On Jan 27, 10:12 pm, Christopher Lee <[email protected]> wrote:
> Hi Kenny,
> I think I can explain this.
> - it sounds like you are opening the same sequence database file  
> twice, creating two different BlastDB objects.  Pygr will not consider  
> these "equal" (either by cmp() or by dict hash index), so you get the  
> KeyError you reported.
>
> - This may seem counterintuitive, but it's a data integrity guarantee  
> -- unless they are the same object it is quite challenging to  
> guarantee that they are "the same data".  For example, for a BlastDB,  
> just comparing the filenames is not adequate; that can give both false  
> positive and false negative errors.  Just because the filename string  
> is identical doesn't mean the data are equal; data could have changed  
> on-disk in between the two file opening events.  On the other hand two  
> different filename strings might actually resolve to the same path.  

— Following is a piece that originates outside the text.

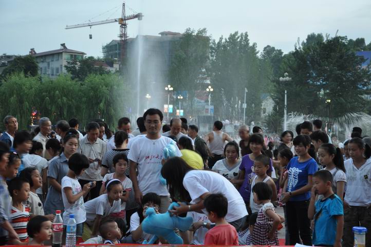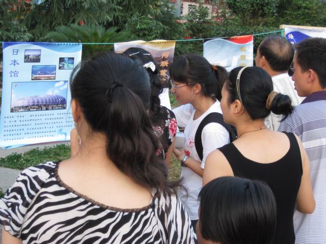8月7日下午,挂职团成员来到湄潭县城茶乡广场,进行“走近上海世博,感受生活魅力”宣传活动。 本次活动旨在向湄潭市民宣传上海世博会及其热门展馆,让大家走近上海世博,感受“城市,让生活更美好”的主题。广场东侧的世博展馆海报区和西侧的世博纪录片播放区吸引了众多居民。广场中央设置了一条签名横幅,上至年过七旬的老人下至牙牙学语的孩童都郑重地签下名字,以表对上海世博会的支持。“我与海宝来合影”环节中,许多小朋友到镜头前和世博吉祥物海宝一起留下最美的笑容。 活动于晚上9点结束,广场上的人们仍意犹未尽。最后,挂职团成员们在美丽的茶乡广场合影留念。在回去的路上,听着路边群众由衷的赞许、看着孩童们兴奋的笑脸,大家的疲惫也一扫而空,对接下来挂职工作的顺利开展也充满了信心。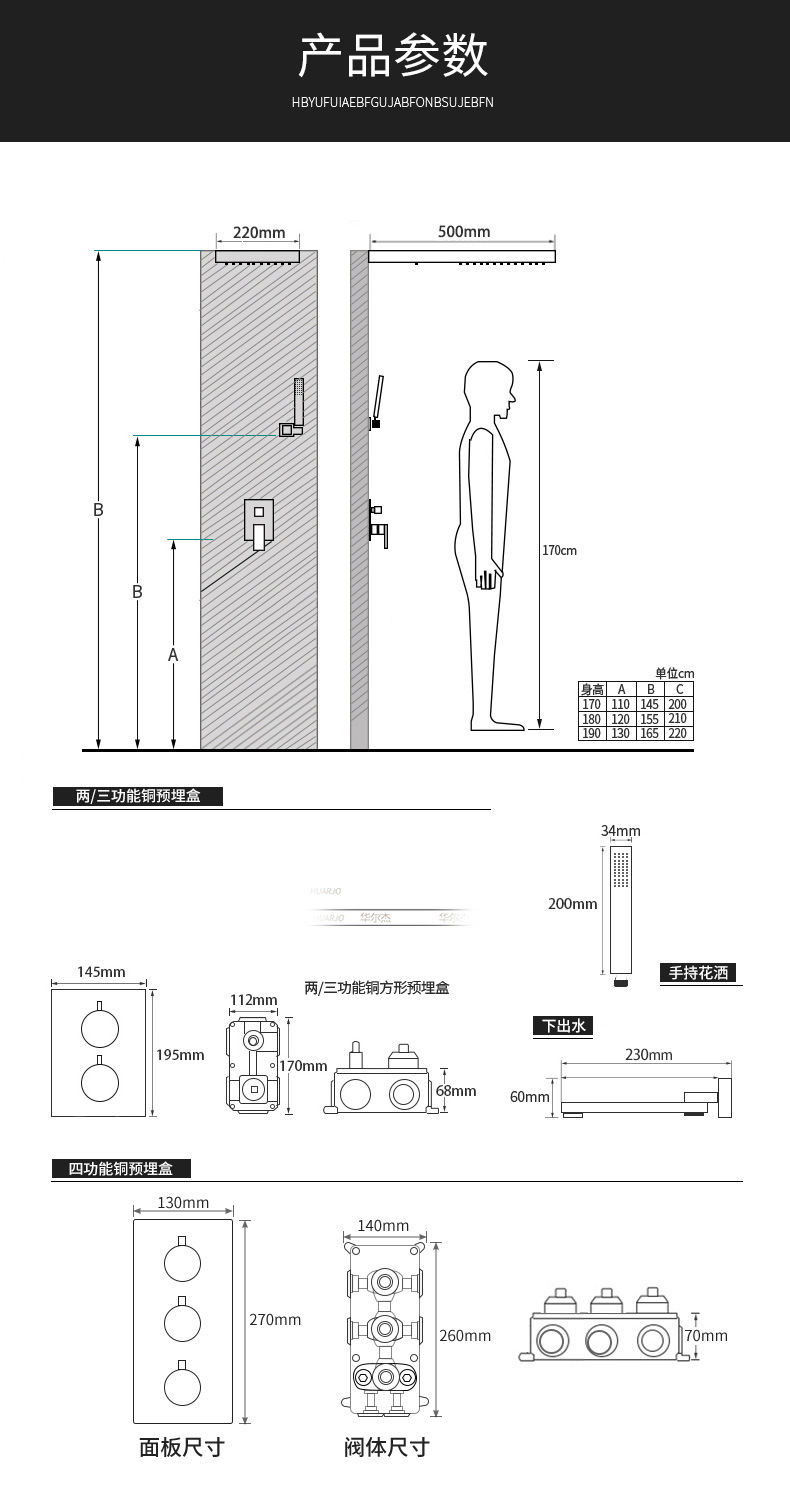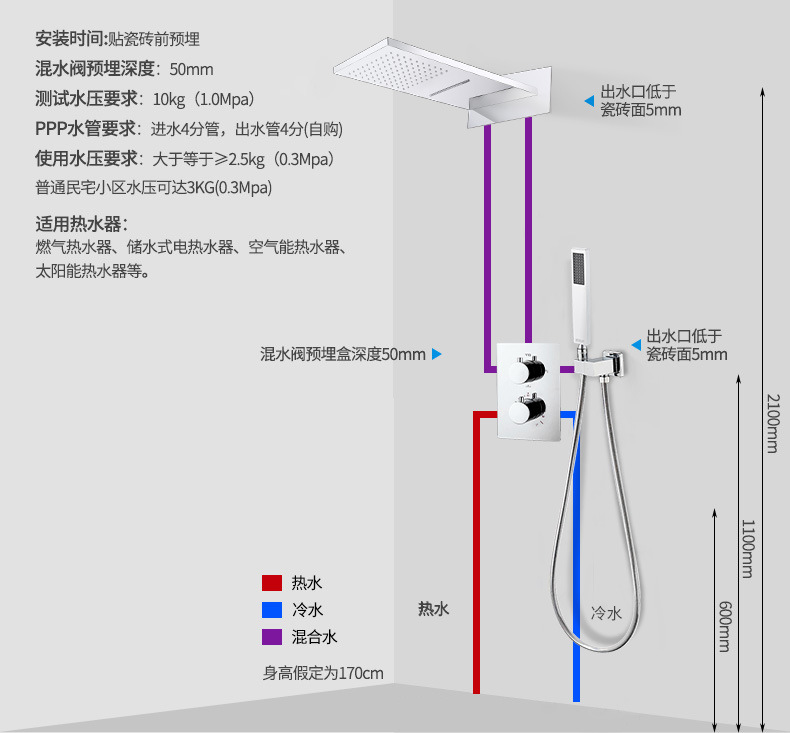 暗装花洒入墙式恒温家用浴室暗藏隐藏飞瀑雨淋嵌入式淋浴花洒套装

> For that matter, completely different filenames might point to two  
> files that are exact copies of each other.  To do the check right,  
> you'd have to recompute a hash on the entire dataset.
>
> - pygr's solution to this problem is pygr.Data, i.e. allocate a single  
> unique ID to a resource, and always obtain it by requesting this  
> unique ID.  pygr.Data guarantees that within an interpreter session  
> two different requests for the same ID will resolve to the same Python  
> object.
>
> - to take advantage of this, you just need to be consistent in always  
> identifying a given resource with its pygr.Data ID.  In your example,  
> I suspect you did something like the following: 1) you opened the file  
> by constructing a BlastDB, then used it to generate some blast  
> results, which you then pickled.  This works, but it has no pygr.Data  
> ID, so there's no way for pygr.Data to apply the above data integrity  
> guarantee to it.  2) you then opened the file again (either by  
> constructing a BlastDB again, or getting it from pygr.Data) and you  
> tried to look up results from one in the other (presumably through the  
> intermediary of an NLMSA).  This gave a KeyError.
>
> - this just reflects a fundamental problem: imagine all the analyses  
> and data being done all over the world as a huge "web" of cross-
> references.  In other words, many of those different analyses are  
> actually being done on the same dataset; you can think of that as a  
> "node" that ties together many different analyses being done all over  
> the world.  But ordinarily it would be very hard to run queries that  
> could traverse all these analyses, because the "metadata" that show  
> which data are actually the *same data* are not available.  So the  
> "web of data" fragments into single, disconnected analyses that a  
> computer program cannot query in a way that traverses more than one  
> analysis at a time.  pygr.Data tries to solve this basic problem, by  
> capturing the missing metadata of "identifiers" and "schema".
>
> - you can always check whether two database objects share the same  
> pygr.Data ID; just look at their _persistent_id attributes.  If the  
> attribute is missing, the object did not come from pygr.Data.
>
> Specific comments below.
>
> I hope this helps...
>
> -- Chris
>
> On Jan 28, 2009, at 3:04 AM, Kenny Daily wrote:
>
>
>
> > I am having trouble looking up sequence intervals in NLMSAs, using
> > pygr 0.7.1. I am creating SeqPaths by blasting a BlastDB, and pickling
> > these objects. Then, when I use them later for indexing into an NLMSA
> > created with the same BlastDB, I get <type 'exceptions.KeyError'>:
> > 'seq not in PrefixUnionDict'. I'm not even really sure how to track
> > down the cause of this problem. As far as I can tell, the problem is
> > with the getName() method of the NLMSA's seqDict and the path.db of
> > the SeqPath object. If I re-create the SeqPath, then it works fine
> > (seen in 56-58 below). Here's the events that lead me to this belief,
> > not sure what the corrective action is though.
>
> > In [52]: c.sequence
> > Out[52]: chr7[2350:2366]
>
> here you've already got the BlastDB open, and c.sequence.path is one  
> of its member sequences...
>
>
>
> > In [53]: trna = pygr.Data.getResource
> > ("Bio.Annotation.YEAST.sacCer.SGD_features.tRNA")
>
> here you open an NLMSA that presumably references one or more  
> BlastDBs.  If these BlastDBs were stored with pygr.Data IDs, and also  
> c.sequence.path.db above also was opened with a pygr.Data ID, then you  
> can indeed search trna with intervals of c.sequence.path.db.  But  
> otherwise they will just be different BlastDB objects, and you'll get  
> a KeyError as shown in your next step:
>
>
>
>
>
> > In [55]: trna.seqDict.getName(c.sequence)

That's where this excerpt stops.